_Task description_
Restate each of the lines below word for word and drop every picture.

=== Begin Enclosure ===

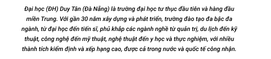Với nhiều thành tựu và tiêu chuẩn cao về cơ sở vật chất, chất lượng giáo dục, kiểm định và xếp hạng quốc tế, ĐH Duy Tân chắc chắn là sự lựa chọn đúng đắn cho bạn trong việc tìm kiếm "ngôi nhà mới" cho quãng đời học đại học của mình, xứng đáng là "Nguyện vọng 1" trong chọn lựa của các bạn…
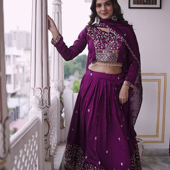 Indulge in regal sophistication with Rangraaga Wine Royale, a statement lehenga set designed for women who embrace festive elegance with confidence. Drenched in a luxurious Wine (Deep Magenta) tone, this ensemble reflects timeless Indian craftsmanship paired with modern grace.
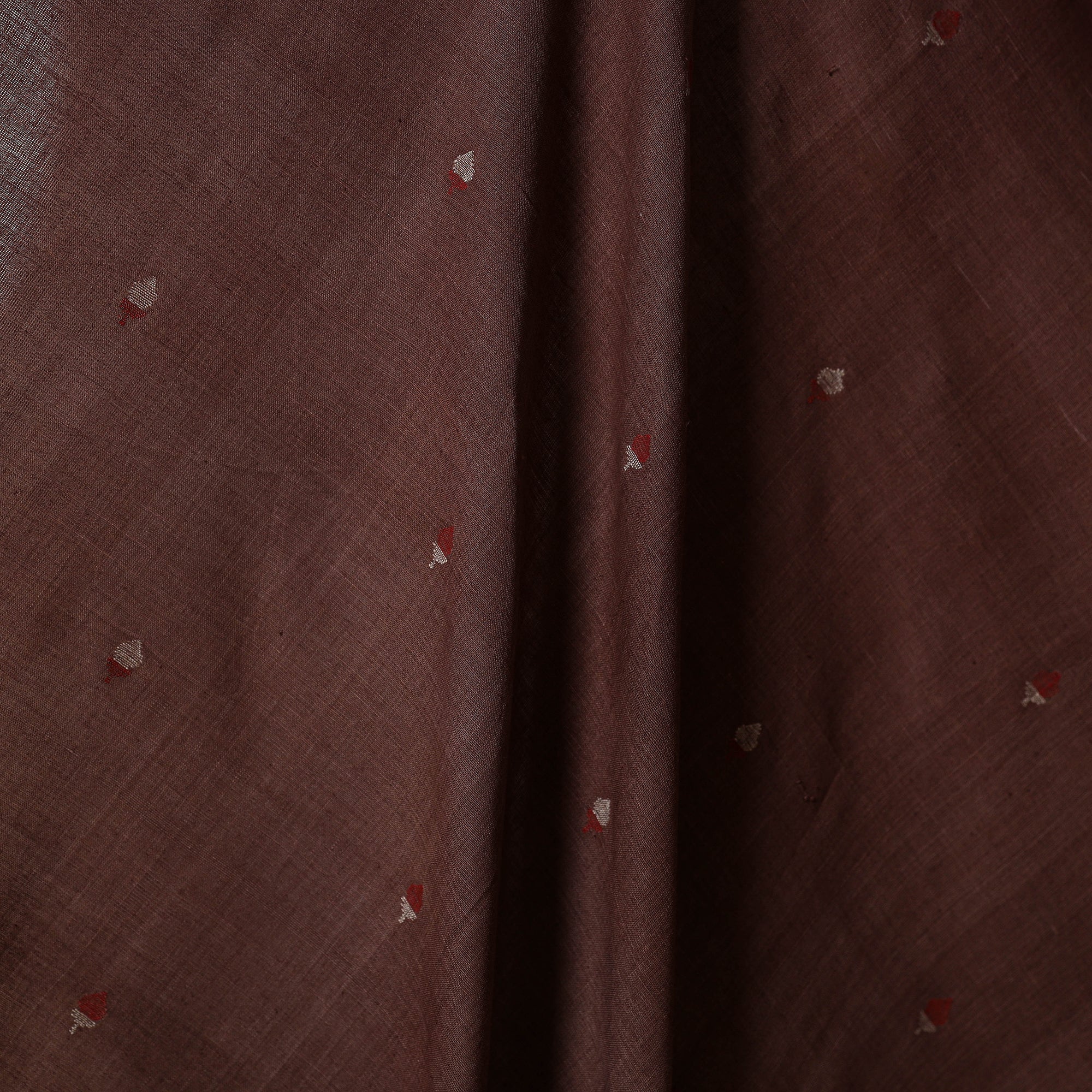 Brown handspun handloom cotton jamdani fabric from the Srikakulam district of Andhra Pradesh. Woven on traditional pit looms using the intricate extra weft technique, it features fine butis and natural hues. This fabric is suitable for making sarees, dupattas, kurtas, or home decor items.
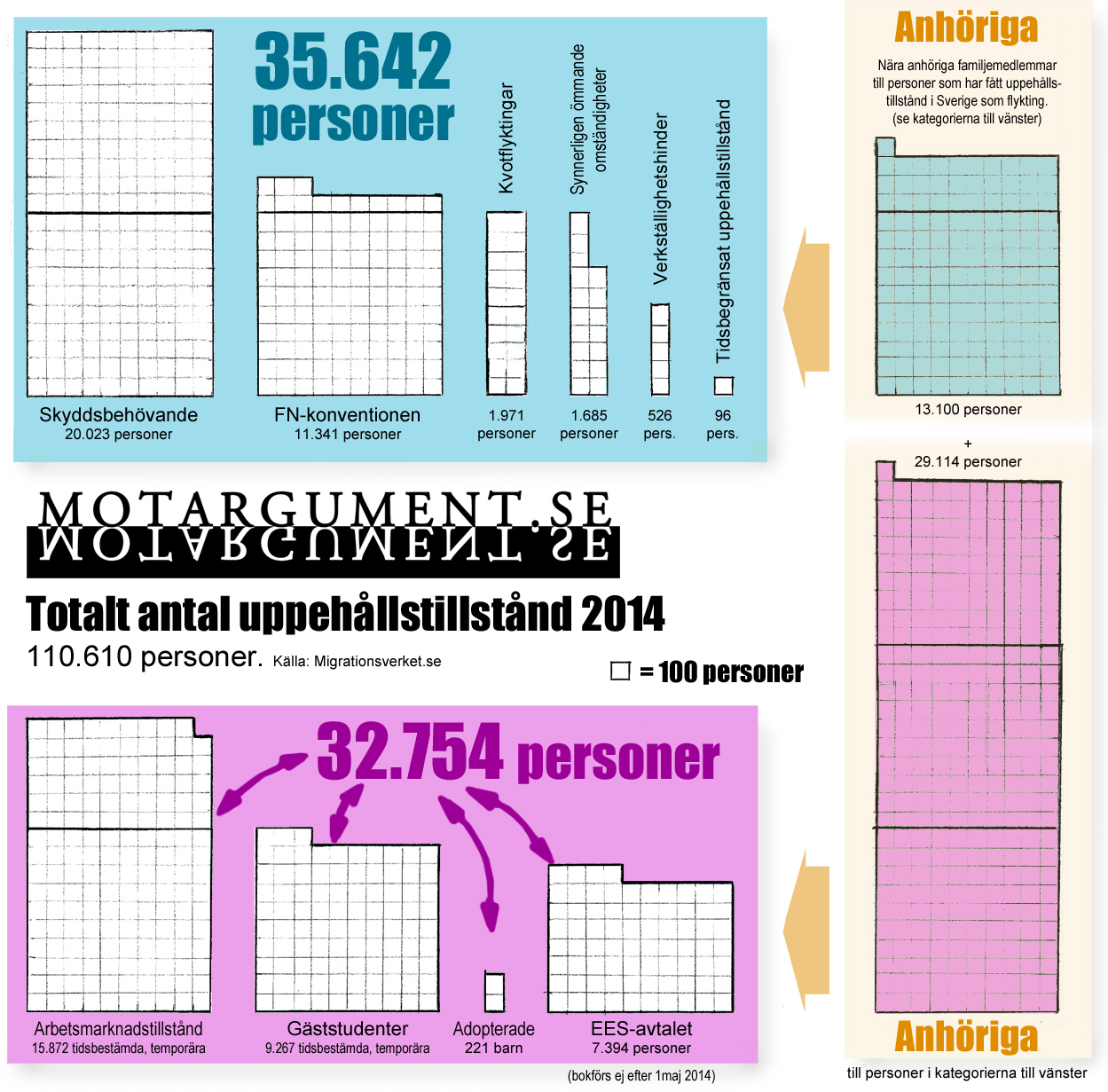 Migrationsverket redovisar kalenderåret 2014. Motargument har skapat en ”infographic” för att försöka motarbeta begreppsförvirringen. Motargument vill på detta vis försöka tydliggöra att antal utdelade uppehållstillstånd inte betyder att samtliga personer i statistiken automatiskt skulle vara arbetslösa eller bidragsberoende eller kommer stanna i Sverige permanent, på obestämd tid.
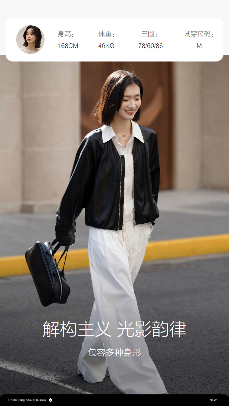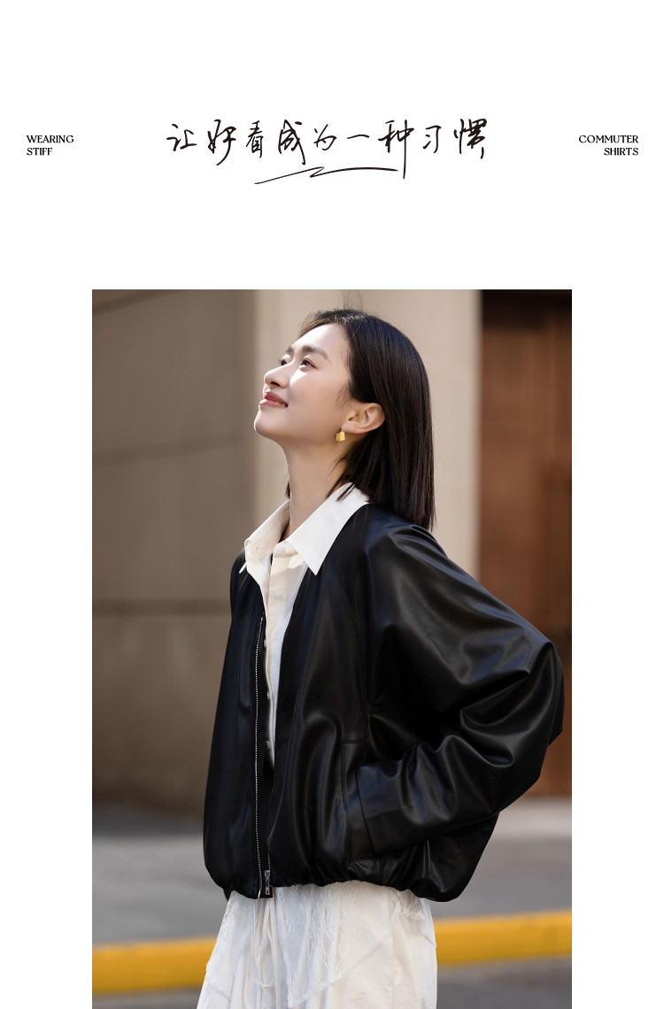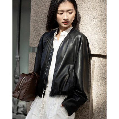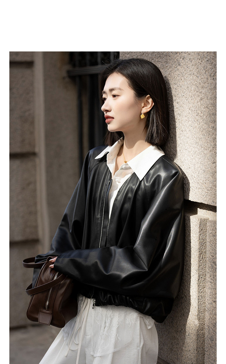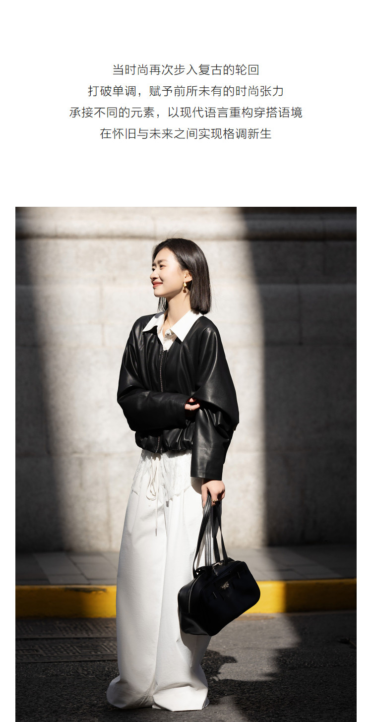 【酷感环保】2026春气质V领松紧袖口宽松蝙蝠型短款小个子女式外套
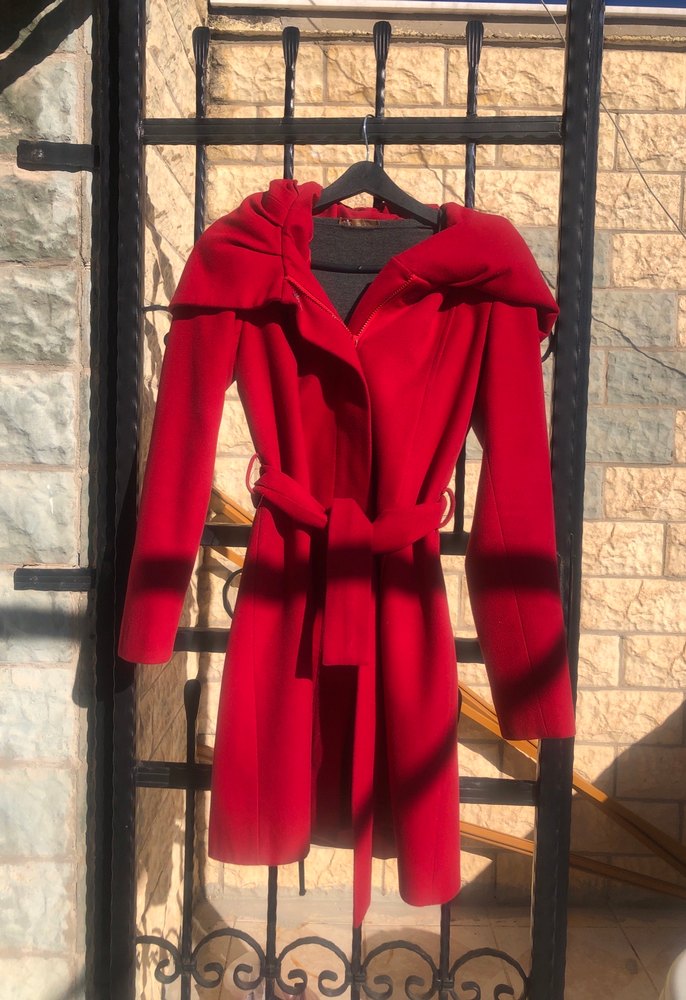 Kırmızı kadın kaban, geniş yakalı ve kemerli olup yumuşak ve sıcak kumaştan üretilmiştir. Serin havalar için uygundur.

=== End Enclosure ===

_Task answer_
Với nhiều thành tựu và tiêu chuẩn cao về cơ sở vật chất, chất lượng giáo dục, kiểm định và xếp hạng quốc tế, ĐH Duy Tân chắc chắn là sự lựa chọn đúng đắn cho bạn trong việc tìm kiếm "ngôi nhà mới" cho quãng đời học đại học của mình, xứng đáng là "Nguyện vọng 1" trong chọn lựa của các bạn…
 Indulge in regal sophistication with Rangraaga Wine Royale, a statement lehenga set designed for women who embrace festive elegance with confidence. Drenched in a luxurious Wine (Deep Magenta) tone, this ensemble reflects timeless Indian craftsmanship paired with modern grace.
 Brown handspun handloom cotton jamdani fabric from the Srikakulam district of Andhra Pradesh. Woven on traditional pit looms using the intricate extra weft technique, it features fine butis and natural hues. This fabric is suitable for making sarees, dupattas, kurtas, or home decor items.
 Migrationsverket redovisar kalenderåret 2014. Motargument har skapat en ”infographic” för att försöka motarbeta begreppsförvirringen. Motargument vill på detta vis försöka tydliggöra att antal utdelade uppehållstillstånd inte betyder att samtliga personer i statistiken automatiskt skulle vara arbetslösa eller bidragsberoende eller kommer stanna i Sverige permanent, på obestämd tid.
 【酷感环保】2026春气质V领松紧袖口宽松蝙蝠型短款小个子女式外套
 Kırmızı kadın kaban, geniş yakalı ve kemerli olup yumuşak ve sıcak kumaştan üretilmiştir. Serin havalar için uygundur.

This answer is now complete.